08 August 2014

"What's the Point of This? Of Everything?"

There is something wonderful about Richard Linklater's movies that makes them beautiful, compelling and, well, real even though not a lot really happens in them. Normally, this is a problem for me — I like plot — but somehow, Linklater just crafts these rich, bittersweet human stories that leave me craving more. The Before... trilogy ranks among my all-time favourite films. Linklater's newest movie, Boyhood, has a similar structure — checking back in on a few characters at sporadic intervals — but represents an even greater technical achievement because it was filmed once a year over a period of 12 years.
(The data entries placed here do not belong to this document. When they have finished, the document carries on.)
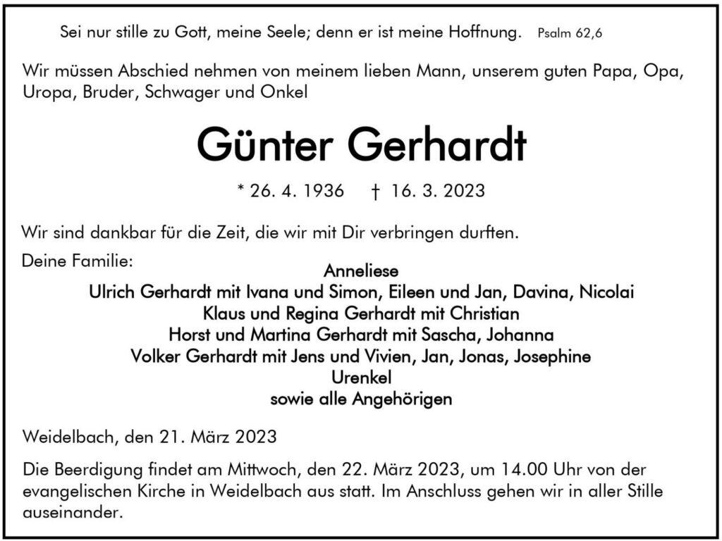 Sterbebild für Günter Gerhardt mit Geburts- und Sterbedatum sowie Familienangehörigen und Beerdigungsinformationen.
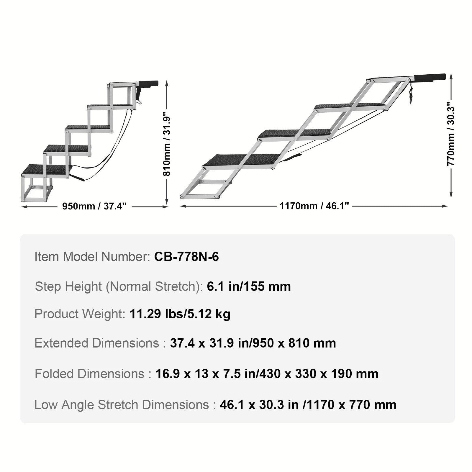 • Product Dimensions: At a normal stretch angle, the portable dog steps' length is 30.9"/785mm and the height is 25.4"/645mm. At a lower angle, the length is 41.5"/1055mm and the height is 24"/610mm, making it easy for your pet to access car trunks or side doors.
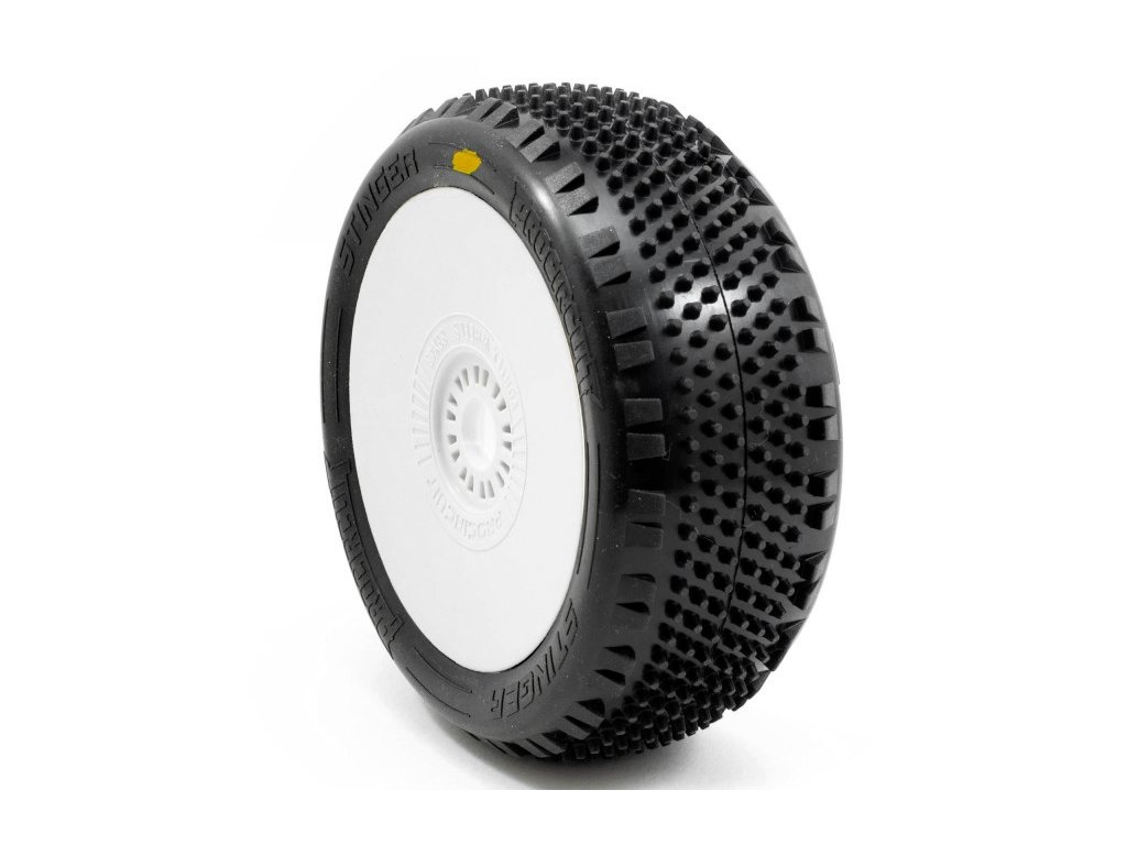 STINGER V4 BUGGY A2 (SOFT) nalepené pneumatiky, bílé disky, 2 ks.
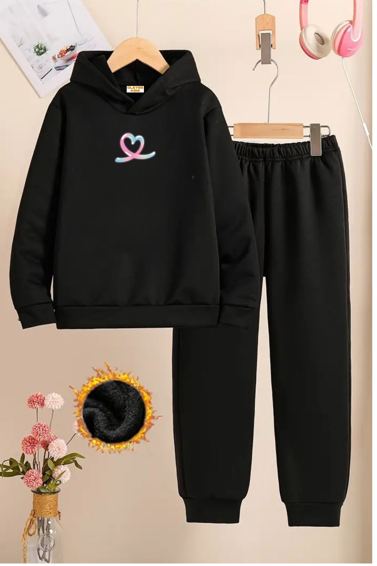 Çocuk Siyah Eşofman Takımı-PEMBE MAVİ KALP Baskılı-Şardonlu Kumaş
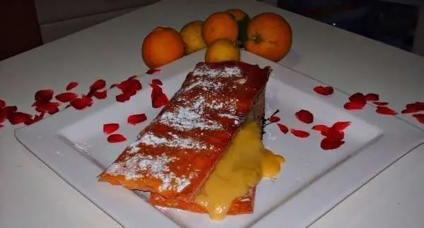 Estaba la mar de buena, pero esperad porque todavía no he terminado, que se me olvidaba deciros que he cogido pasta filo, un par de ellas, las he doblado tres veces y las espolvoreé con azúcar glas, canela y semillas de anís. A continuación hice lo mismo con otras dos hojas de pasta filo y las metí en el horno, a 200º y el tiempo justo en que se ponen morenitas. Después, pues una abajo, la crema encima y a tapar con la otra. Se adorna con más azúcar glas y se acabó. En la foto se aprecian los pétalos de una rosa de mi jardín. Estaba en la mesa y cuando quité el florero para preparar el bodegón, se cayeron unos cuantos pétalos, así que para poca salud, ninguna. Despetalé (anda, me acabo de inventar una palabra) la rosa y los dispuse de modo armónico y un poco maricón por la mesa. Bueno, troncos, y como diría un director general, y troncas, ahí os quedais. Abur.
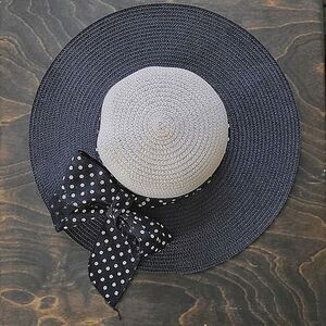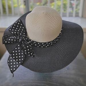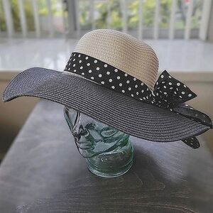 Black and cream floppy straw sunhat
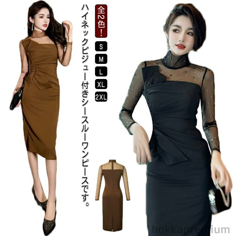 【送料無料】タイトワンピ オケージョン レディース 春 シースルー ハイネック 透け感 長袖 タイト パールビジュー キャバ ワンピース
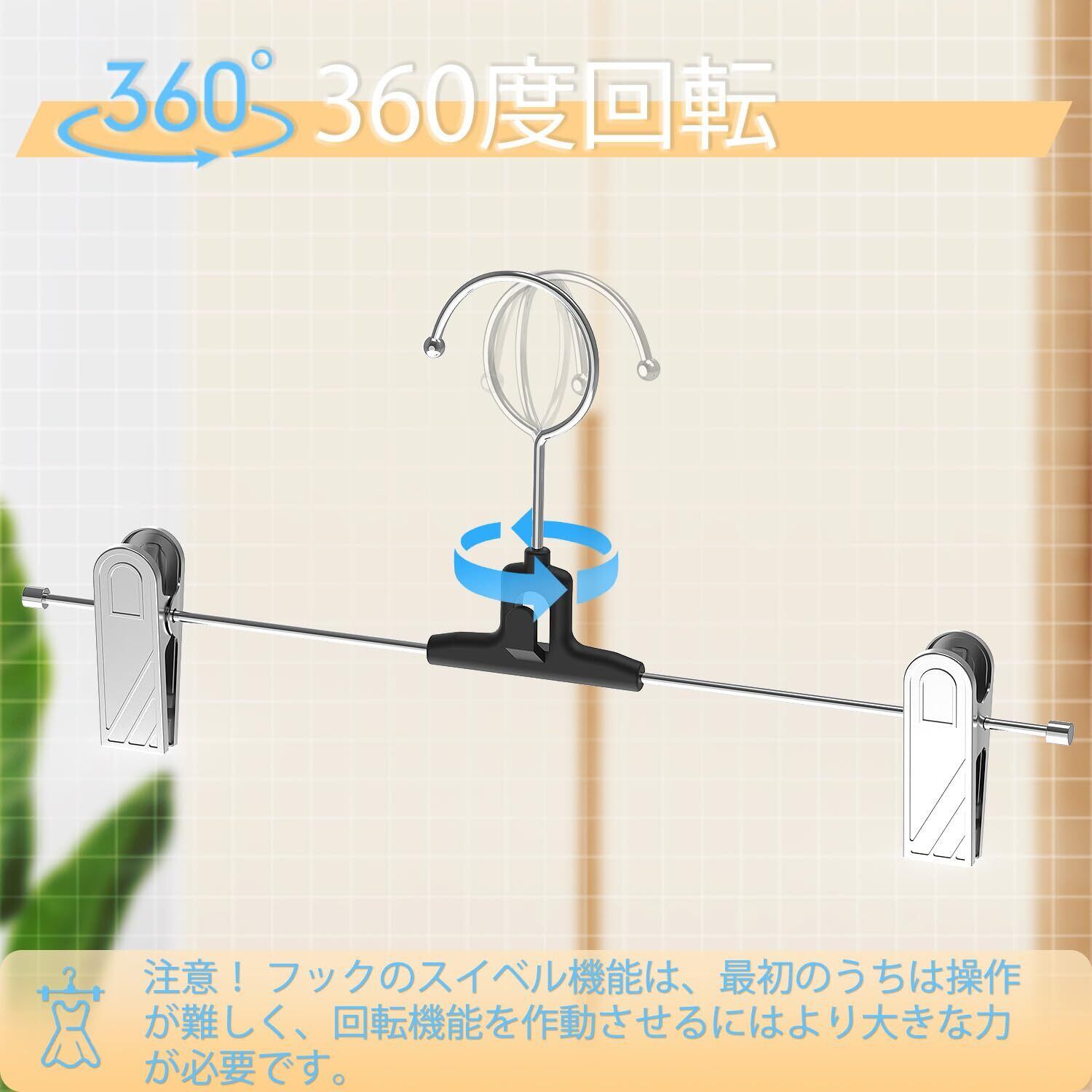 【すべり止めクリップの幅調節可能】 ハンガーの360°回転クリップは左右に移動可能。ズボン、スカート、帽子、ネクタイなど、掛けたい服のサイズに合わせてクリップを動かすことができます。
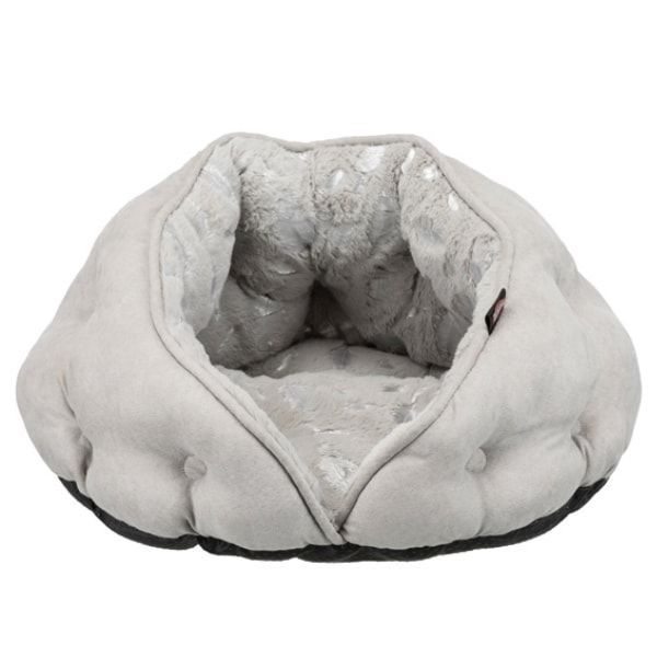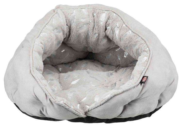Trixie legowisko Feather dla psa to zamknięta budka, w której Twój pies poczuje się wyjątkowo i bardzo komfortowo. Miejsce do odpoczynku zostało wykonane po stronie zewnętrznej z materiału, który imituje zamsz, natomiast wewnątrz znajduje się miękki i milutki plusz. Zaprojektowano je tak, by zachowywało ciepło i nie nasiąkało brudem. Legowisko zostało wykonane z materiałów najwyższej jakości w kolorze szarym. Jest bardzo miłe w dotyku. Środek budki został uatrakcyjniony przez wykorzystanie nadruku srebrnych i eleganckich piór. Podstawa legowiska jest antypoślizgowa, dzięki czemu zachowa ono swoje docelowe miejsce. Legowisko Trixie idealnie wpasuje się w każde nowoczesne i jasne wnętrze.

As the film opens, it is the early 2000s and Coldplay's Yellow is on the soundtrack. Seven-year-old Mason (Ellar Coltrane) plays with his friend and engages in some early-years equivalent of graffiti ("urban art"). He and his older sister Samantha (played by Linklater's daughter Lorelai) live with their mother Olivia (Patricia Arquette) in small-town Texas. Olivia had her children too young and has separated from her husband Mason Senior (Ethan Hawke). Wanting a better life for her children, she decides to move the family to Houston so that she can go back to school and eventually get a better job so she can provide more effectively for her family.

As the noughties roll by, Mason and Sam grow older, and their parents meet new love interests, some with more successful outcomes than others. "I really enjoy making poor life decisions," Olivia admits at one point. Mason's creative talents intensify and we see him go on to become a talented photographer. We also see him grow into a man — the film ends when he arrives at college as an eighteen-year-old freshman, having lived through a boyhood that has its share of both happy and sad times.

The film also traces 12 years of culture and politics. Sam lip syncs and dances precociously to Britney's Baby One More Time towards the beginning of the film, whereas nearer the end, she and her brother chill out and play pool while Gotye sings about somebody he used to know. Coloured iMac G3s are replaced by iPhones, and there are Harry Potter book-release parties and references to to the Iraq War and then the Obama campaign and the NSA.

But it's the relationships between Mason, his parents and his sister that are at the heart of the film. Coltrane grows from cute kid to grumpy, mumbling teenager, but watching how his interactions with Hawke and Arquette develop over time is fascinating. "Dad, there's no real magic in the world, right?" he asks Mason Senior, while on a boys' camping trip. There might not be, but Linklater's film does have a magic to it that easily justifies its 2h45 length. It's a masterpiece and I highly recommend it.